Durga Puja for Bengalis is both a time of religious and social celebration. A carnival like atmosphere prevails throughout West Bengal. But as businesses flourish during this time, so does the use of plastics. Most sellers provide items in plastic carry bags. For food items, many restaurants use plastic containers. There is a huge increase in plastic waste generation during the festival. The civic bodies in West Bengal need to be extra careful regarding this menace.
Manufacture, storage and use of plastic carry bags of less than 40 microns thickness is banned in West Bengal. So, segregation of non-biodegradable, toxic pollutants, petroleum-based plastics wastes at source is important. Water bottles, PET bottles, carry bags, medicine bottles, foam packing, small plastic toys, tea cups and ice crease cups are major examples of solid wastes that are generated. A section of this waste is recycled to manufacture various items like packaging materials, fibres, auto components, videotapes, X-ray films and other items.
Shafkat Alam, Joint Secretary, Tiljala Society for Human and Educational Development, an organisation that works with Kolkata rag pickers, told BE, “The whole business of rag picking is done by the unorganised sector. They deliver the solid wastes to private waste recyclers. We have been told that they collect a huge volume of plastic waste during the festival season.”
Operations of solid waste management (SWM) are performed under four core areas that include sweeping, collection, transportation and disposal. The Kolkata Municipal Corporation (KMC) has allocated Rs. 657.16 crore to its solid waste management department for the 2019-20 fiscal.
According to the budget statement of the KMC, “For effective storage and transportation of municipal wastes, 20 modern scientific waste compactor stations and 60 portable stationary compactors have been added to the existing set-up of 83 compactor stations and 179 portable compactors and these are all functioning satisfactorily. For odourless and spillage-free transportation of wastes, we have added 39 movable compactors of 14 cu. m. capacity and 2 of 8 cu. m. capacity to our existing fleet of 54 movable compactors for rendering services in lanes and by-lanes of the city.” Solid waste management is an important civic task and it takes challenging proportions during Durga Puja.

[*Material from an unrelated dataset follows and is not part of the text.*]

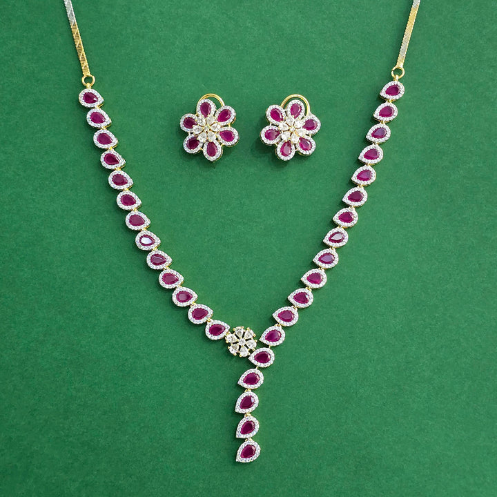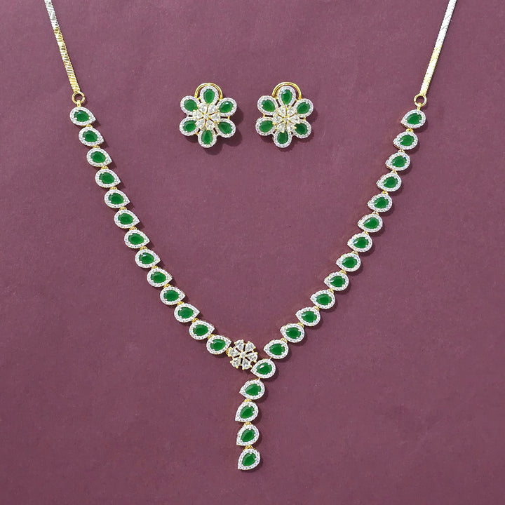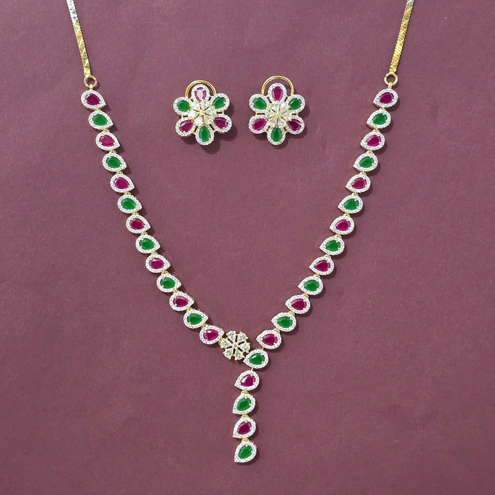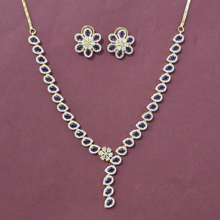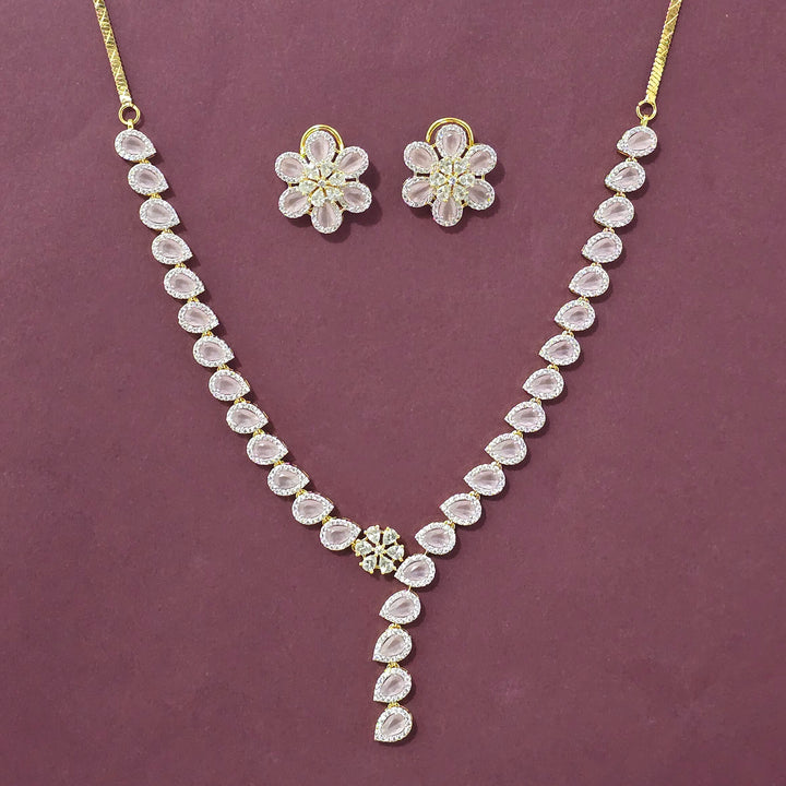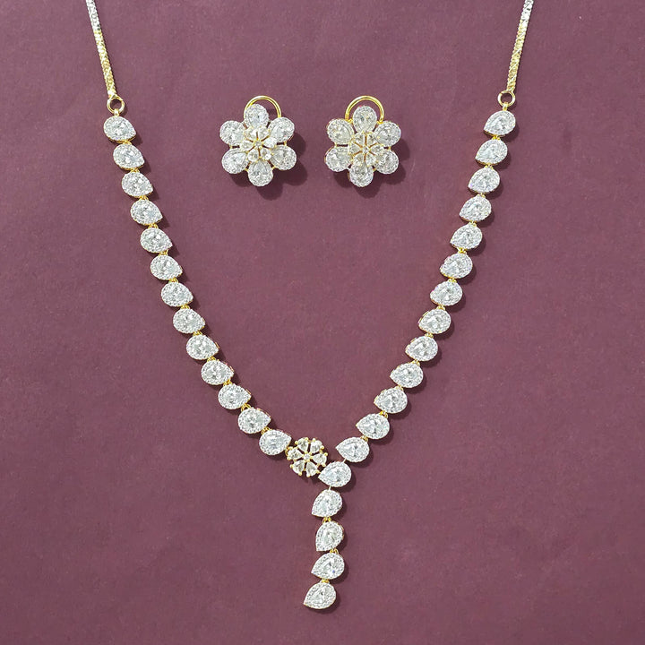 441111 Cz Classic Necklace Set With 2 Tone Plating

Debabrata Majumder, Member, Mayor-in-Council (MMIC), KMC, told BE, “During Durga Puja, as commercial sector remains closed, the total volume of solid waste generation declines there. The waste mainly generates in and around puja pandals and stalls. We collect the trash from the pandals twice daily during the festival. Battery operated cars, compactors, mechanical sweeping machines and water sprinklers are deployed by the KMC for garbage handling and disposal. Garbage collection stations are being planned to replace vats. For bio-degradable wastes, the KMC uses composters to make manure.”
Sumanta Roy, who is one of the organisers of Jodhpur Park Puja Committee, spoke to BE regarding waste management. He said, “KMC is playing an appreciable role in managing waste by giving necessary services during the festival days.”
Kolkata is expecting significant rainfall during Durga Puja this year, which will lead to chances of water-logging. Water-logging may take alarming proportions if plastic waste is not managed properly as it clogs the outlets from storm water.
Puja committees are active
Most Durga Puja organisers agree that there is an increase in plastic waste generation during Durga Puja. Combustion of plastic waste emits toxic gases. Many puja committees are trying to restrict burning of plastic waste. They are relying on KMC and unorganised rag pickers to deal with this waste. Roy added, “We have collaborated with an organi-sation to manage some of our Puja waste. The organisation will collect our discarded flowers and decompose them to make bio-fertilisers.”